[Opening Supplied entries section]
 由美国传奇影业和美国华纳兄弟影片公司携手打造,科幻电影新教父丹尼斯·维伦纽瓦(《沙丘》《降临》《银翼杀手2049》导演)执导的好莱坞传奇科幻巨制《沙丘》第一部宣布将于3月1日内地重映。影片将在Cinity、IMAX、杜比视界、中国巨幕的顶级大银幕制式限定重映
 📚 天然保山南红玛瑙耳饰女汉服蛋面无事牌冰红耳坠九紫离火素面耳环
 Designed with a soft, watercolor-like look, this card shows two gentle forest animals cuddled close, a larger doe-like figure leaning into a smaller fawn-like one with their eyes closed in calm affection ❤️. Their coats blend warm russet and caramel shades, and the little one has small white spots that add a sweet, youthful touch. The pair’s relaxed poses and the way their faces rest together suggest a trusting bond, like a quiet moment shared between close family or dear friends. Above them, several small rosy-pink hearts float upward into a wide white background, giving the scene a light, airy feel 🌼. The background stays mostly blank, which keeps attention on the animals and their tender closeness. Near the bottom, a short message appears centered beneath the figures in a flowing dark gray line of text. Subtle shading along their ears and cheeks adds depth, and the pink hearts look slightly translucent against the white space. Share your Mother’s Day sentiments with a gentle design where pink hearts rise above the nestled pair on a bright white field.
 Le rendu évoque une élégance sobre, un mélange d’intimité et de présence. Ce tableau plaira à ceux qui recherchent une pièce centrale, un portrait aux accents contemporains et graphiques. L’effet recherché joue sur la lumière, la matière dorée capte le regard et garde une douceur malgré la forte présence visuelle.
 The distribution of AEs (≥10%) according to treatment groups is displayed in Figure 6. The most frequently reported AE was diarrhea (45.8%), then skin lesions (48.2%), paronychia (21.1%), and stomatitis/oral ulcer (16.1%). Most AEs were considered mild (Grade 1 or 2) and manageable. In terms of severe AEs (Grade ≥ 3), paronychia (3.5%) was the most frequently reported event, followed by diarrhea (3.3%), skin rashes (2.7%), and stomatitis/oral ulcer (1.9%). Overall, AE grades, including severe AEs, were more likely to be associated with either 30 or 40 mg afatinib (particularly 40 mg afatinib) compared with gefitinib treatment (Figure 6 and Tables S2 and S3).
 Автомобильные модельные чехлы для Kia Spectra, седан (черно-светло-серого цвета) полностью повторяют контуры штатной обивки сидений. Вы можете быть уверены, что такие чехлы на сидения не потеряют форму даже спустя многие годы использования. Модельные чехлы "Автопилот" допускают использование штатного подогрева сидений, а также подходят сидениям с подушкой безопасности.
[Closing Supplied entries section]
[Opening Supplied entries section]
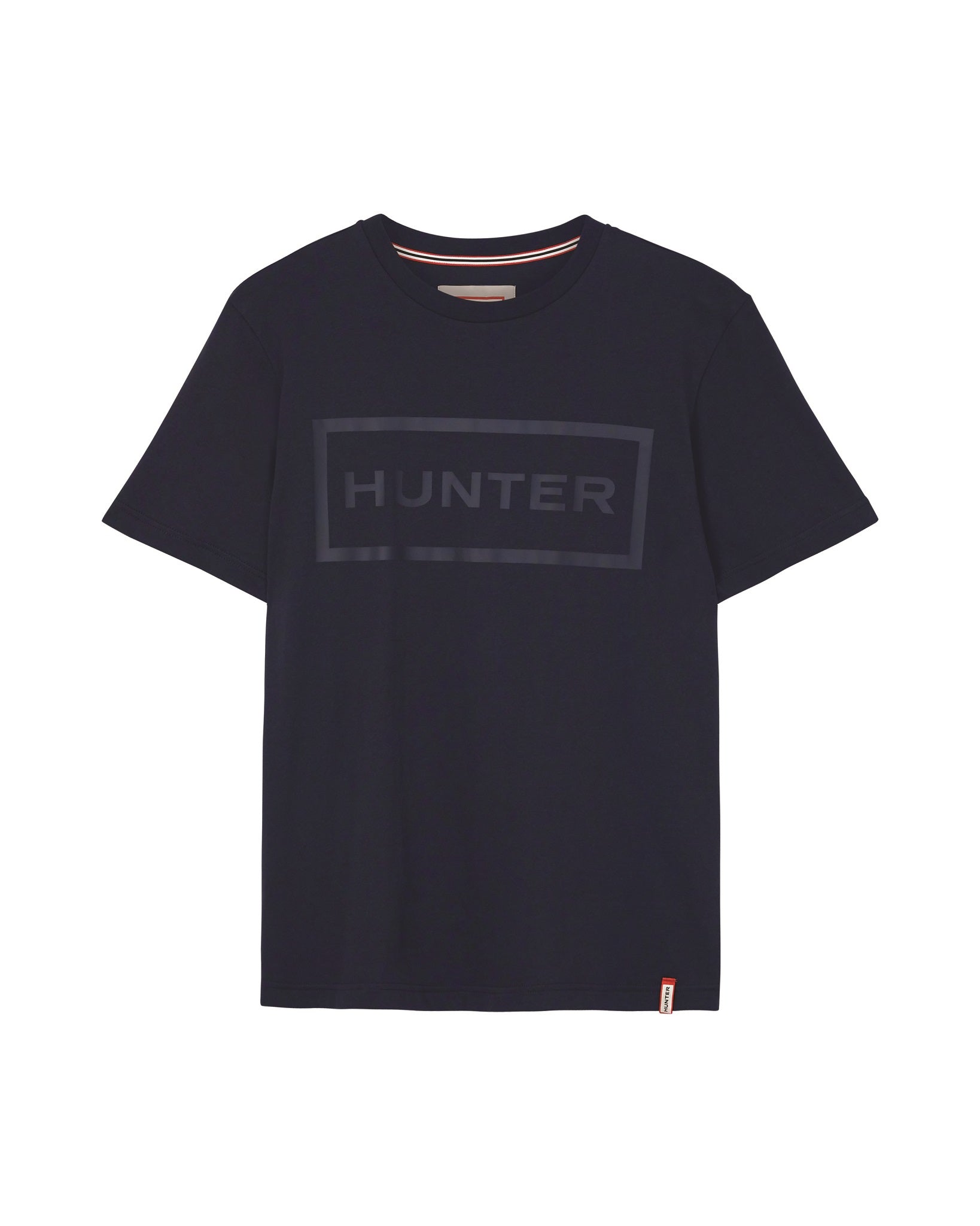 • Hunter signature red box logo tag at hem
[Closing Supplied entries section]
[Opening Supplied entries section]
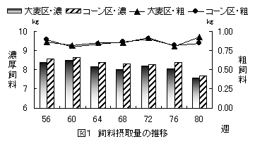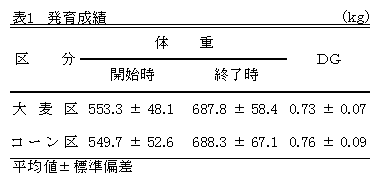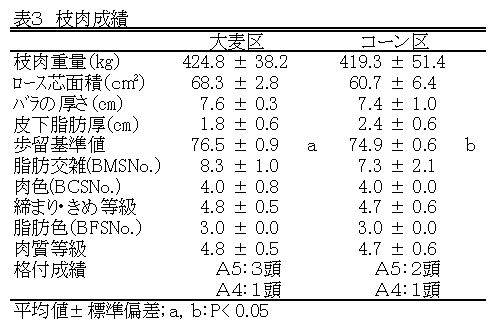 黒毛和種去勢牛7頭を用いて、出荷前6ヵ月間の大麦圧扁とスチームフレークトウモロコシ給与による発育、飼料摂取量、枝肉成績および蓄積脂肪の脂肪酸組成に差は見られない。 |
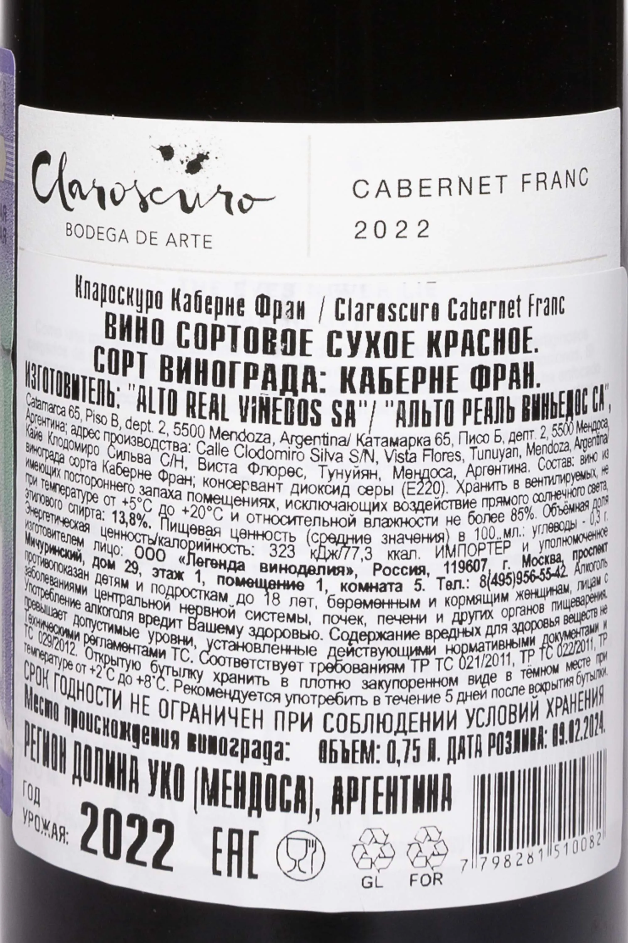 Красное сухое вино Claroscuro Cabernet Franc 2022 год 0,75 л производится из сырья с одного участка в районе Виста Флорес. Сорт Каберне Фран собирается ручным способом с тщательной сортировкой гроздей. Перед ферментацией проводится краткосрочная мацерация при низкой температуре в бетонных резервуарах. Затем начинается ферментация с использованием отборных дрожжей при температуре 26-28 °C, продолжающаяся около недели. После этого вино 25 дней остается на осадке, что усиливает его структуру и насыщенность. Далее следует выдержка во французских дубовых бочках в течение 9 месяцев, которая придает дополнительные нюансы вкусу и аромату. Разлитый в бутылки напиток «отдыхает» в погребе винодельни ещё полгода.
[Closing Supplied entries section]
● Your instructions: Could you repeat exactly the lines in the listing above from the one with "由美国传奇影业和美国华纳兄弟" down to the one with "Designed with a"? Include both of those lines.

● Output of the exercise:
 由美国传奇影业和美国华纳兄弟影片公司携手打造,科幻电影新教父丹尼斯·维伦纽瓦(《沙丘》《降临》《银翼杀手2049》导演)执导的好莱坞传奇科幻巨制《沙丘》第一部宣布将于3月1日内地重映。影片将在Cinity、IMAX、杜比视界、中国巨幕的顶级大银幕制式限定重映
 📚 天然保山南红玛瑙耳饰女汉服蛋面无事牌冰红耳坠九紫离火素面耳环
 Designed with a soft, watercolor-like look, this card shows two gentle forest animals cuddled close, a larger doe-like figure leaning into a smaller fawn-like one with their eyes closed in calm affection ❤️. Their coats blend warm russet and caramel shades, and the little one has small white spots that add a sweet, youthful touch. The pair’s relaxed poses and the way their faces rest together suggest a trusting bond, like a quiet moment shared between close family or dear friends. Above them, several small rosy-pink hearts float upward into a wide white background, giving the scene a light, airy feel 🌼. The background stays mostly blank, which keeps attention on the animals and their tender closeness. Near the bottom, a short message appears centered beneath the figures in a flowing dark gray line of text. Subtle shading along their ears and cheeks adds depth, and the pink hearts look slightly translucent against the white space. Share your Mother’s Day sentiments with a gentle design where pink hearts rise above the nestled pair on a bright white field.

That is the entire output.